Machine Learning Classifier Using Blood Count Parameters and Erythropoietin to Predict JAK2 Mutations in Patients With Erythrocytosis.
Context.—: Differentiating polycythemia vera from other causes of erythrocytosis is a diagnostic challenge. Although most patients with polycythemia vera have Janus kinase 2 (JAK2) mutations, extensive testing is impractical because this is an uncommon cause of erythrocytosis. Identifying polycythemic patients most likely to benefit from JAK2 testing would improve use of this test.
Objective.—: To develop an artificial intelligence analysis/machine learning classifier using blood count parameters and erythropoietin to predict JAK2 results in patients with erythrocytosis.
Design.—: Results from the Veterans Affairs data warehouse were used for training and validation. Cases with JAK2 results and hemoglobin values 15 g/dL or higher and 17 g/dL or higher in females and males respectively were included. Erythropoietin was optional. The highest performing model was evaluated with an out-of-sample data set.

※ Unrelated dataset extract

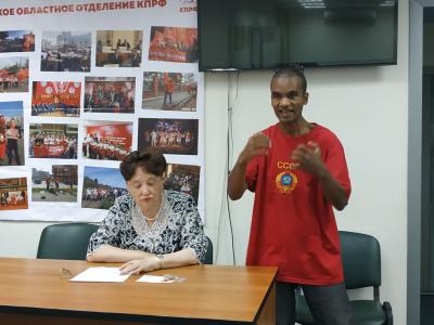1 июля актив Тюменского обкома КПРФ встретился с коммунистом Донецкой народной республики, сержантом армии ДНР Бенесом Айо.

Results.—: Among 31 models trained on data from 8479 individuals, including 540 (6.4%) positive for JAK2, Light Gradient Boosted Trees Classifier performed best. When applied to 330 out-of-sample cases with 9 (2.7%) positive for JAK2, the classifier's sensitivity, specificity, positive predictive value, and negative predictive value, were 100%, 92.8%, 28.1%, and 100%, respectively. Among a subset of 183 out-of-sample cases, the model's algorithm would have potentially reduced JAK2 testing by 89% compared with 50% to 62% reduction using previously reported rule-based systems that similarly used blood count parameters. Platelet count had the greatest impact on the model, followed by relative distribution width and erythropoietin.
Conclusions.—: These results show that a machine learning classifier may be beneficial as a decision support aid for JAK2 testing in polycythemic patients.